Using the data below, set down every line from the one containing "The screenshot shows" through the one containing "天演册:套装说完咱们说说天演", inclusive and unchanged. Pictures are to be skipped.

[Material provided]
+===+
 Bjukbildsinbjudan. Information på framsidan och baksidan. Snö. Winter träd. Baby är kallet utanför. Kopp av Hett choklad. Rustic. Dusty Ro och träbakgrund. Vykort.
+===+
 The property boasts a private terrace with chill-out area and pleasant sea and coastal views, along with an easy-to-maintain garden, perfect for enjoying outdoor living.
+===+
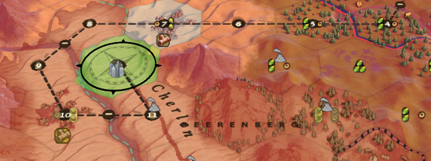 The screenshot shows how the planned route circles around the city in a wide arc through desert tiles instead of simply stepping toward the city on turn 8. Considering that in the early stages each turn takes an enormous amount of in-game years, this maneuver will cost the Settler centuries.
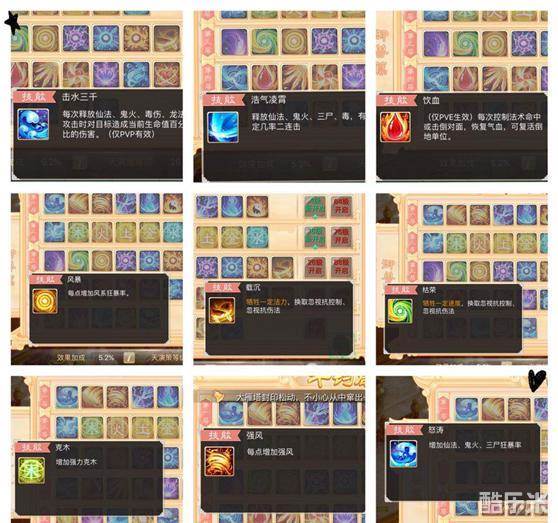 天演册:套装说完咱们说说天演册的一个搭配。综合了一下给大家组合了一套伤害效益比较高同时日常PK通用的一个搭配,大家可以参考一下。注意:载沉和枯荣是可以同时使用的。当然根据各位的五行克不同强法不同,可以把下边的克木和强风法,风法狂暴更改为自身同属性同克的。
+===+
[Reply]
 The screenshot shows how the planned route circles around the city in a wide arc through desert tiles instead of simply stepping toward the city on turn 8. Considering that in the early stages each turn takes an enormous amount of in-game years, this maneuver will cost the Settler centuries.
 天演册:套装说完咱们说说天演册的一个搭配。综合了一下给大家组合了一套伤害效益比较高同时日常PK通用的一个搭配,大家可以参考一下。注意:载沉和枯荣是可以同时使用的。当然根据各位的五行克不同强法不同,可以把下边的克木和强风法,风法狂暴更改为自身同属性同克的。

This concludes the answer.